Finding a solid threshold for gray movies.

filename = df_1920_1940.file_path.iloc[0]

scene_arr = find_scenes(filename, 10)
print(f'threshold 10 has {len(scene_arr)} scenes')

scene_arr = find_scenes(filename, 20)
print(f'threshold 20 has {len(scene_arr)} scenes')
threshold 10 has 17 scenes
threshold 20 has 1 scenes

According to the results a threshold of 10 is solid for gray movies. Now, for colored movies the higher the threshold the fewer duplicates will occur.
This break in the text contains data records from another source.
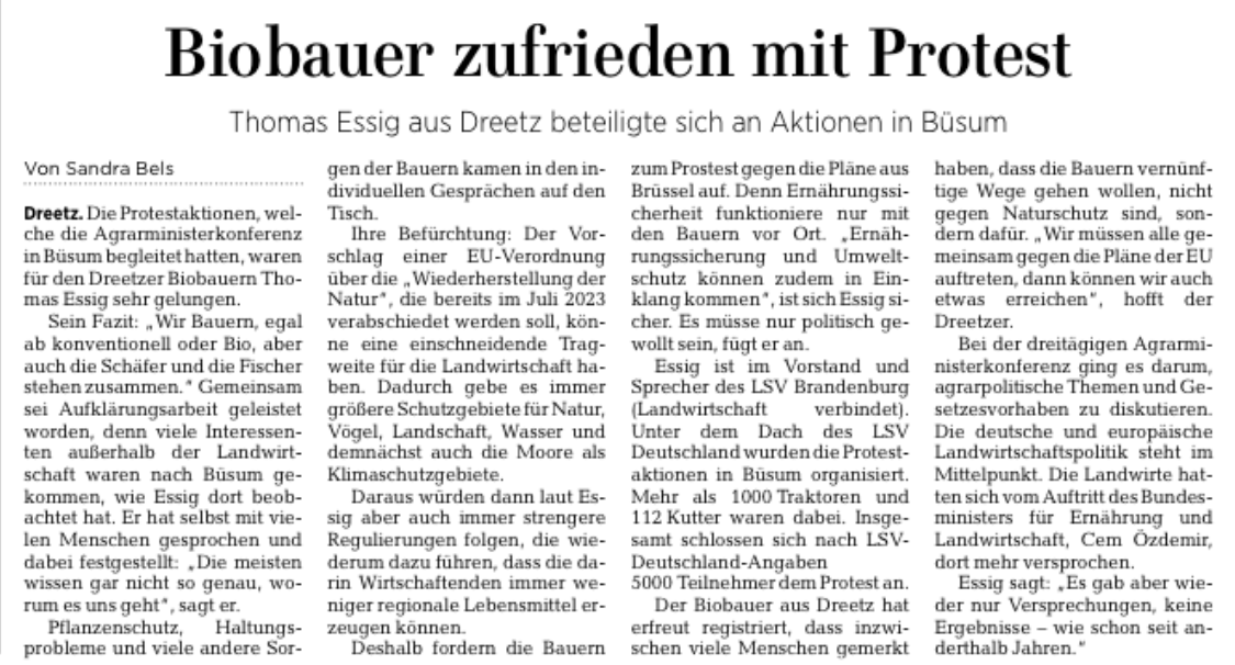 24.03.2023: Dreetzer Biobauer ruft zu Protest auf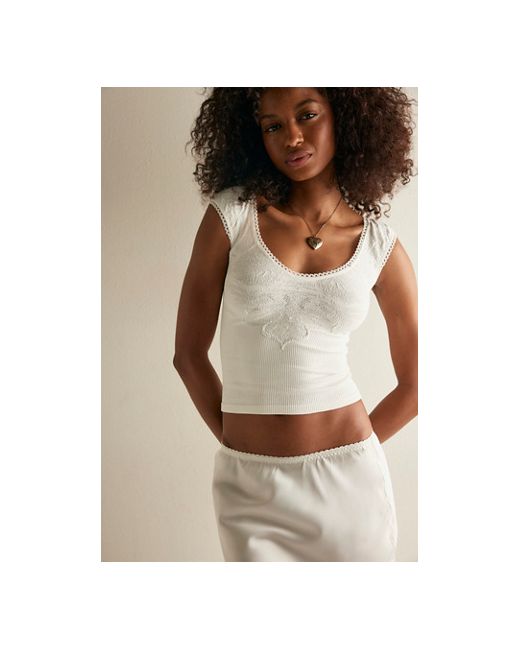 Soft and sweet in our favorite seamless fabrication, this darling top from Intimately features a scoop neckline with delicate, loopy picot trim, fitted cap sleeves, and floral details at the bust that turn into a classic rib for a textured, timeless piece. * Textured seamless fabrication * Pull-on, form-fitting crop top * Wide scoop neckline * Short capped sleeves Pretty Please Crop Top by Intimately at Free People in Clean Ivory, Size: XS/S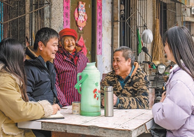 四川省自貢市沿灘區(qū)鄧關(guān)街道鹽業(yè)社區(qū)干部聽取群眾對(duì)老舊小區(qū)改造的意見建議。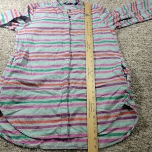 Lands End Flannel Shirt Womens Medium Gray Striped Colorful Tunic Button Up. in good condition

So lets see if 50 is any better than the default value 30.

def plot_frames(frames, title='', nrows = 3, ncols=4, figsize=(15, 10)):
    """
    plots frames in a collage
    :param frames: frames
    :param title: title for the plot
    :param nrows: n rows
    :param ncols: n columns
    :param figsize: figure size
    """
    # declare subplots
    fig, axes = plt.subplots(nrows = nrows, ncols=ncols, figsize=figsize)
    # add title
    fig.suptitle(title, fontsize=16)
    # render each frame into a plot
    for i, ax in enumerate(axes.flatten()):
        ax.imshow(frames[i])
    plt.tight_layout()
filename = df_2000_2020.file_path.iloc[0]
cap = cv2.VideoCapture(filename)
scene_arr = find_scenes(filename, 30)
print(f'threshold 30 has {len(scene_arr)} scenes')
threshold 30 has 48 scenes
frames = fetch_single_frames(scene_arr, cap)
plot_frames(frames, 'Threshold: 30', 3, 4, (15,10))

png

scene_arr = find_scenes(filename, 50)
print(f'threshold 50 has {len(scene_arr)} scenes')
threshold 50 has 22 scenes
frames = fetch_single_frames(scene_arr, cap)
plot_frames(frames, 'Threshold: 50', 3, 4, (15,10))

png

From the sample frames of both threshold for color video we can see that 30 delivers duplicates compared to threshold 50. For this reason we will continue with threshold 50.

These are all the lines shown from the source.